I think anti-gravity covers it well enough; anti-gravity_hair seems too specific, given that just about all the posts in anti-gravity include the hair floating up. Actually floating would probably cover it.
Yeah, zero grav would mean that it isn't being affected by gravity and is floating in place, and anti grav would probably mean it's defying gravity by flying away without means of propulsion.
Right, and zero is what you're actually going to see in these images I'd imagine. There's generally not going to be a physical way to know if someone's hair is capable of negating and even reversing the effects of gravity. Just that it's floating. Anti-gravity seems to imply some technological assistance to me, while zero-gravity is an environmental condition.
floating_hair actually makes a ton of sense, it's descriptive and concise without making assumptions about gravity that might not be technically true in a scene.
I'd say it would come down to whether the hair was floating significantly more than the body. To pick some random examples from the tags mentioned earlier:
post #650075 has floating hair, but (assuming the thing behind Ren is sitting on the ground, which admittedly isn't clear) probably wouldn't involve floating in general.
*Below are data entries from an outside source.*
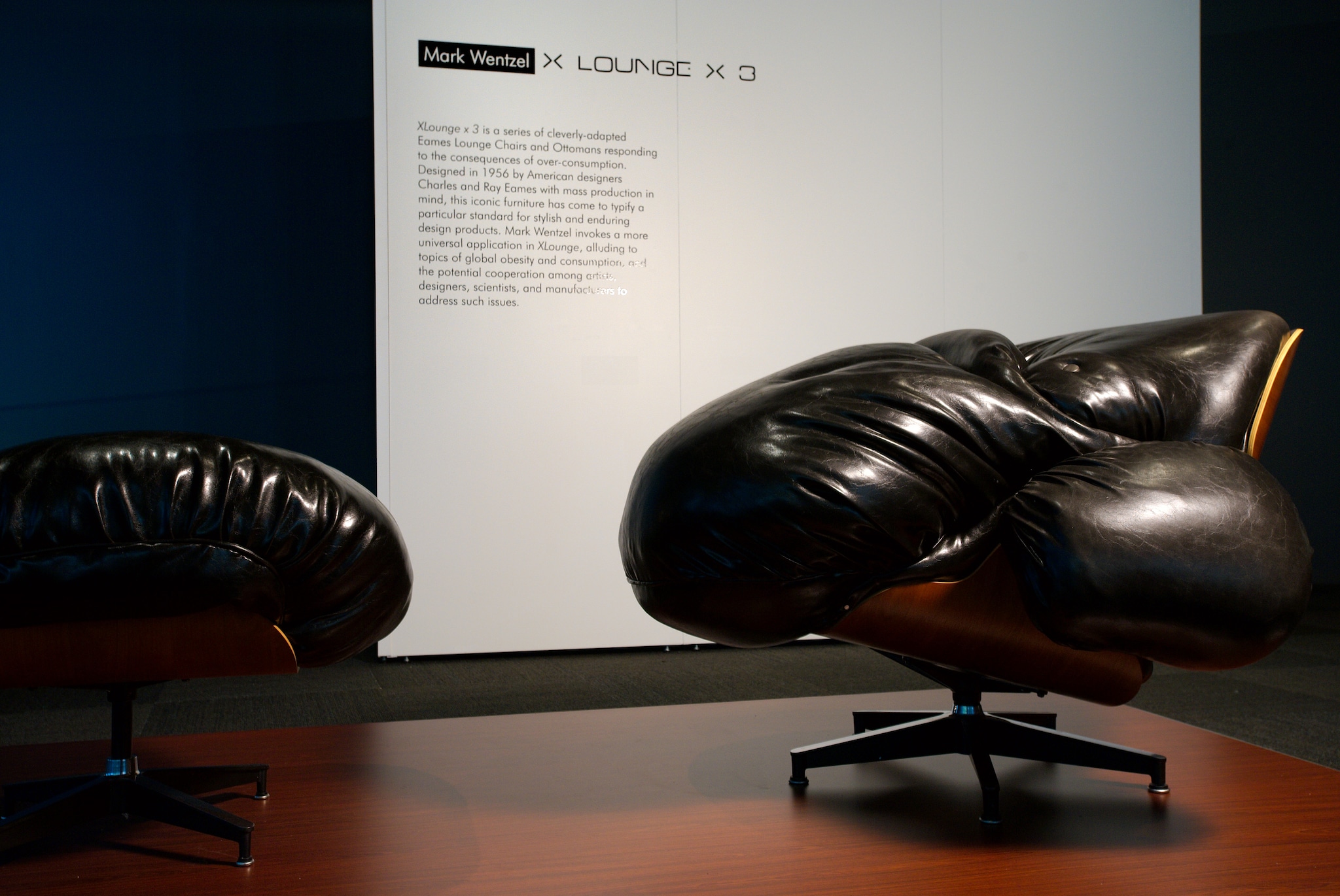 XLounge x 3 was a series of cleverly-adapted Eames Lounge Chairs and Ottomans responding to the apparent consequences of the over-consumption of goods and materials of recent years. Designed in 1956 by the legendary American designers Charles and Ray Eames with mass production in mind, this iconic furniture has come to typify a particular standard for stylish and enduring design products. Artist Mark Wentzel invoked a more universal application in XLounge, alluding to topics of global obesity and consumption, and the potential cooperation among artists, designers, scientists and manufacturers to address such issues.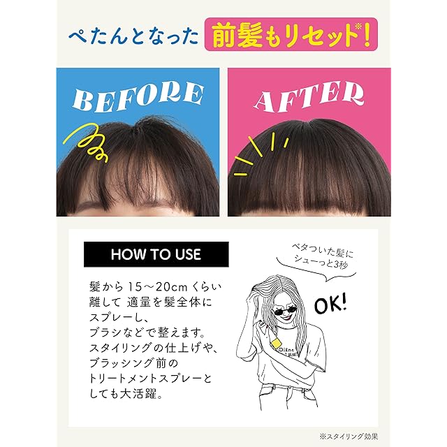 【瞬間リフレッシュ&スタイリング】汗や皮脂によるベタつきを抑え、サラサラふんわりスタイリングをキープします。スタイリングの仕上げや、ブラッシング前のトリートメントスプレーとしても大活躍。髪から15~20cmくらい離して適量を髪全体にスプレーし、ブラシなどで整えます。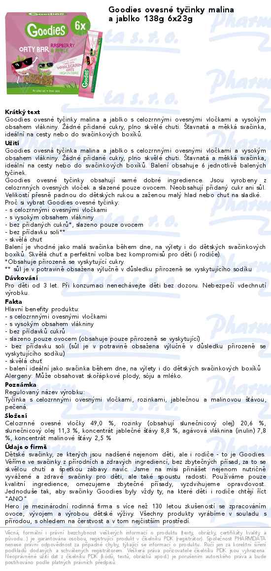 Goodies ovesné tyčinky malina a jablko 138g 6x23g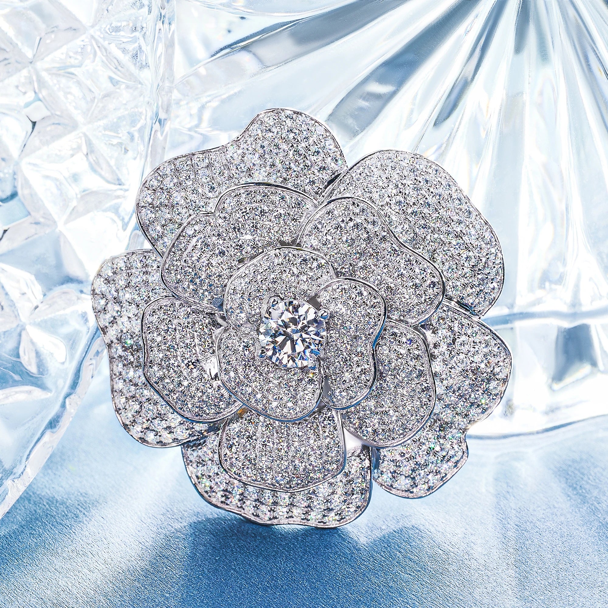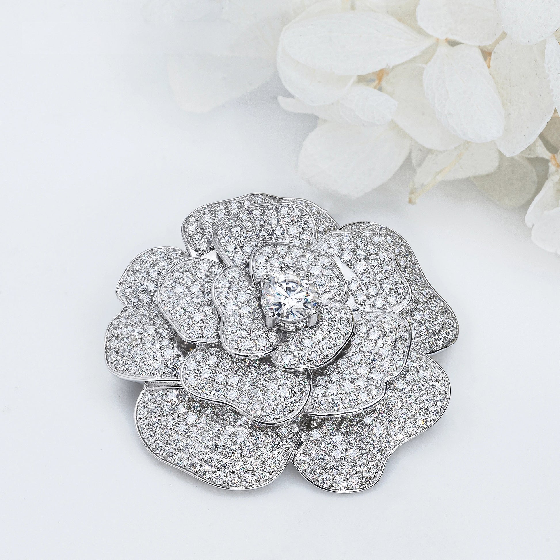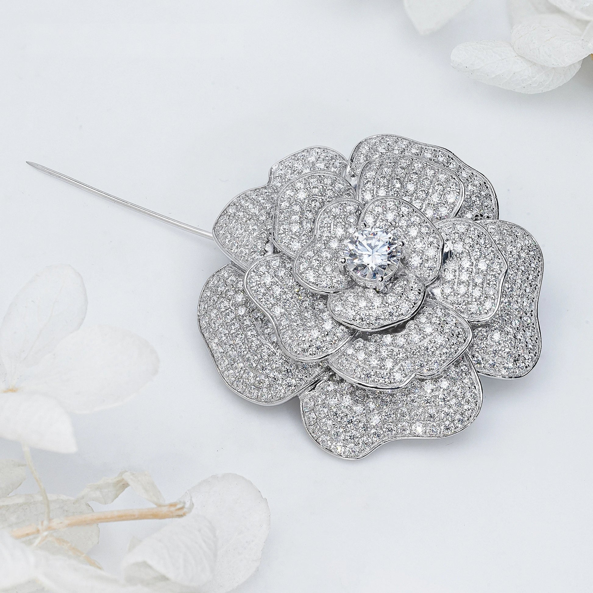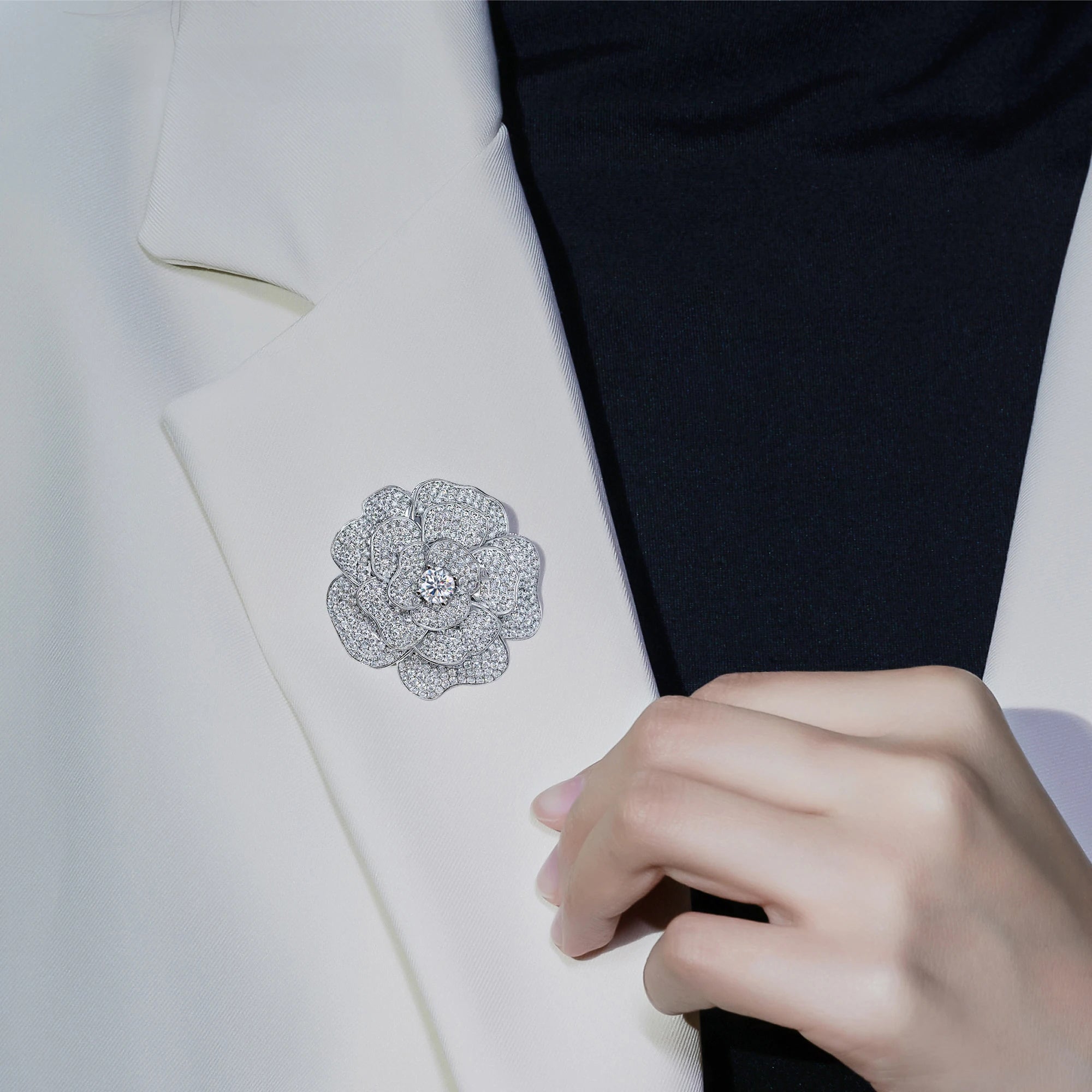 18K White Gold Plated Moissanite Eternal Bloom Flower Brooch in Sterling Silver: A timeless symbol of grace and radiance 🌸✨. Crafted in premium sterling silver with elegant 18K white gold plating, this brooch showcases layered petals encrusted with dazzling moissanite stones. Exuding luxury and refinement, it captures the beauty of an everlasting bloom — perfect for elevating any ensemble with classic elegance.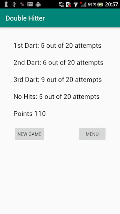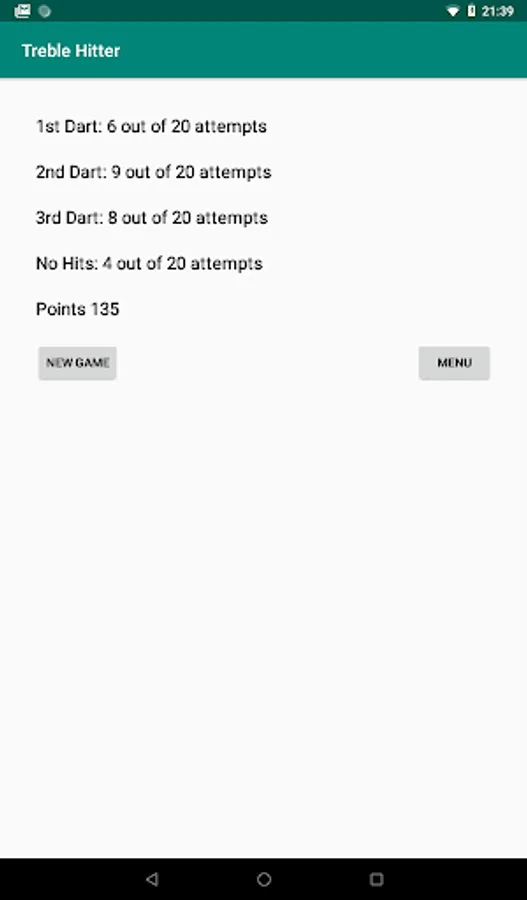 In this game you will have 20 visits throwing for the treble 20 (or another treble of your choice), 60 darts in total.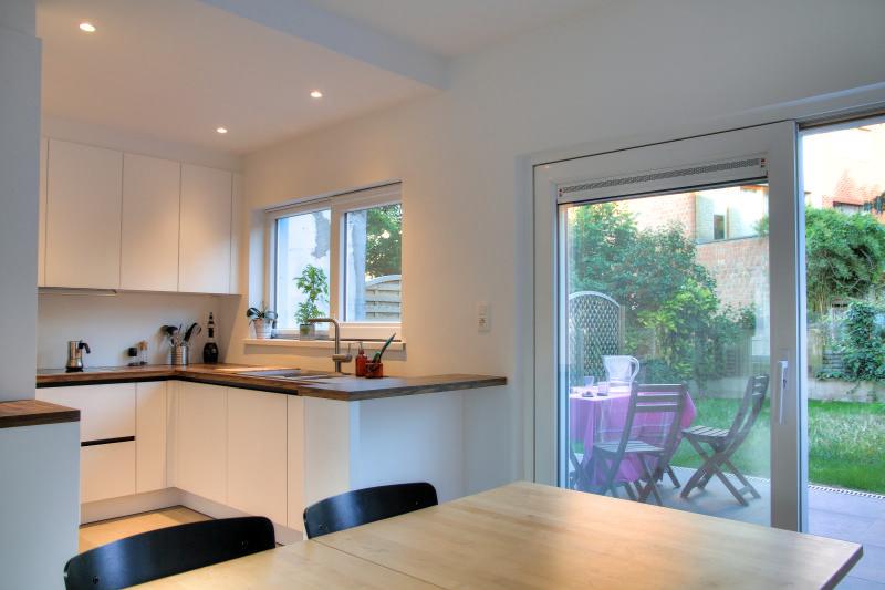 UCCLE : Quartier résidentiel, maison bel étage de +/- 150 m² complétement rénovée avec goût et matériaux de qualité en 2019. Composition : Rez-de-chaussée : hall d'entrée, buanderie, local chaudière, garage, emplacement de parking devant la maison, wc séparé, cave. 1er étage : salon, salle à manger, cuisine ouverte super équipée avec accès au jardin et terrasse, palier. 2ème étage : 2 chambres, bureau, salle de douches avec wc et cabine douche, palier. 3ème étage : grenier aménagé avec une chambre et une salle de bains. Chauffage individuel au gaz, châssis en PVC double vitrage. A proximité des transports en commun, écoles et commerces. PEB : D+ 166 kWhEP/m²/an - Emissions de CO2 : 33. Elle attend avec impatience ses nouveaux propriétaires ! Prix : 520.000 €. Infos et visites uniquement sur rendez-vous CENTURY 21 Bascule 02/340 37 00 ou info@century21bascule.be ou www.century21bascule.be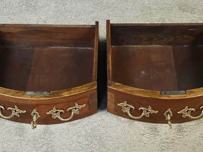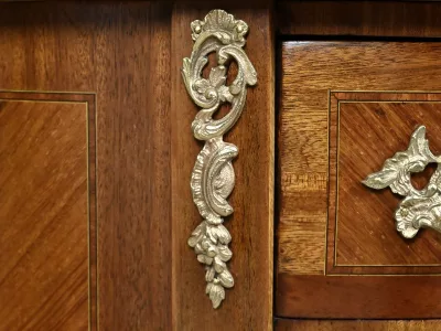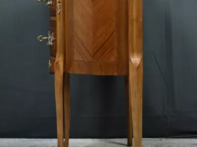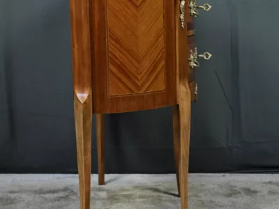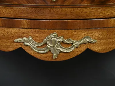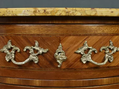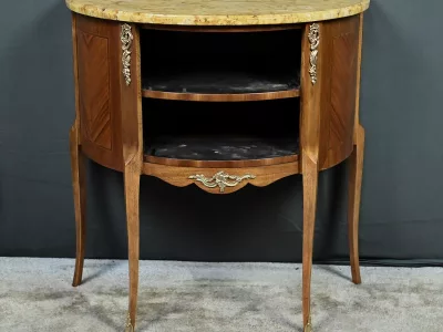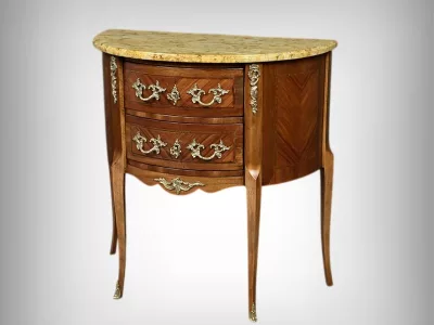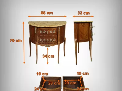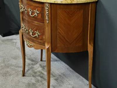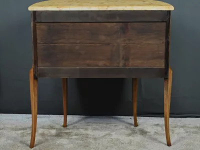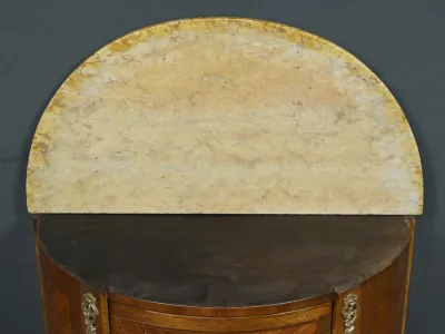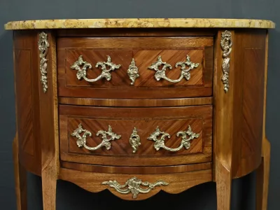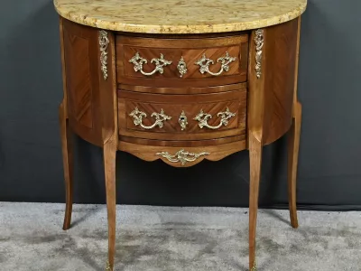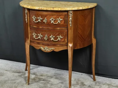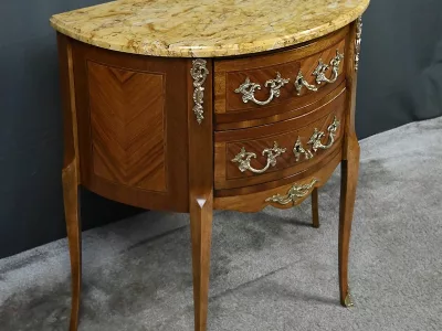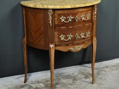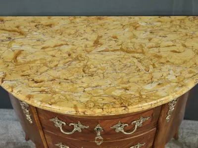 Kommode im Übergangsstil (frühes 20. Jahrhundert) in Form einer Halbmondkommode aus Mahagoni und Palisander mit Intarsien, Marmorplatte und vergoldeten Bronzebeschlägen. In unserer Werkstatt restauriert und in exzellentem Zustand mit Schellackpolitur. Lieferung auf Anfrage. Referenz: 431 V

It's not always clear-cut - post #676923 is floating, but opinions might differ on whether or not the hair is affected enough to get floating_hair too. Still, nothing's perfect.
Also, I don't know how we should approach dealing with the various gravity tags - though since we currently seem to have gravity, anti-gravity, zero_gravity, zero-g and zero_g, all separate and none with wiki pages, we should really do something. My feeling is that they're more about the environment, whereas floating is something the subject of a picture is doing - but that's just personal impression, and still doesn't address what to do with all the above-mentioned gravity tags.